The productions runs at the DeLaMar Theater through Feb. 18, with a cast that is almost entirely Dutch, delivering songs in smooth English. Magtel de Laat gives an impressive vocal performance as the prostitute Mary Magdalen, whose touchy-feely tenderness toward J.C. offended the sensibilities of Christian conservatives when the musical first appeared in the 1970s.
With his long locks, wide-neck T-shirt and gray jeans, Lucas Hamming’s Judas Iscariot, who narrates the story, has something of the beleaguered British comedian Russell Brand about him. It’s a strong look for the part.
In the title role, the Surinamese singer Jeangu Macrooy has an ethereal, deer-in-the-headlights vulnerability that is a little hard to square with the messiah’s much-vaunted charisma: His Jesus comes across more like the fey frontman of a mid-ranking indie band than a rabble-rousing revolutionary. When both Mary and Judas muse aloud on the secret of his magnetism in “I Don’t Know How to Love Him” (“I don’t see why he moves me / He’s a man, he’s just a man!”), it feels all too real.

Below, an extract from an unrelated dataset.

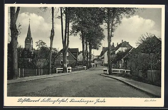 AK Fallingbostel /Lüneburger Heide, Strassenpartie mit Blick auf die Kirche
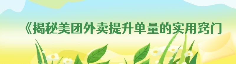 《揭秘美团外卖提升单量的实用窍门,助力商家销量飙升》

In fairness, however, the weakness here is the material, not the performers. Aside from one pivotal moment — the betrayal of Jesus by Judas — there are few twists and turns. It’s mostly exposition and wallowing. The show’s straightforward plot trajectory is neatly summed up in a dismal couplet in the lament “Gethsemane,” in which Jesus finally resigns himself to his fate: “Then, I was inspired / Now I’m sad and tired.”

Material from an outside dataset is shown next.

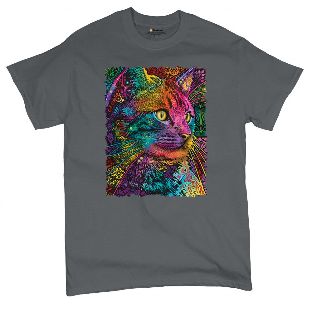 LOVABLE CAT t-shirt dean russo colorful felis catus pattern art men's tee charcoal

The music (arranged by Ad van Dijk) is a competent reworking of Lloyd Webber and Tim Rice’s original songs — a blend of classic rock riffs and poignant power ballads — but there isn’t much variety. The timbre is either very up or very down, with only the occasional curveball. A chipper, upbeat number plays during a scene in which Jesus is violently tormented by his captors, and even briefly waterboarded. It’s darkly edgy, reminiscent of Quentin Tarantino’s ’90s heyday.
The sung-through format, together with van Hove’s fidelity to Rice’s lyric sheet, have a fatally constraining effect. Short of rewriting the thing, the director must rely almost entirely on audiovisual effects — the austere set and occasionally spectacular lighting effects are by Jan Versweyveld — in order to turn it into something other than bubble gum theater. Unsurprisingly, van Hove only half succeeds.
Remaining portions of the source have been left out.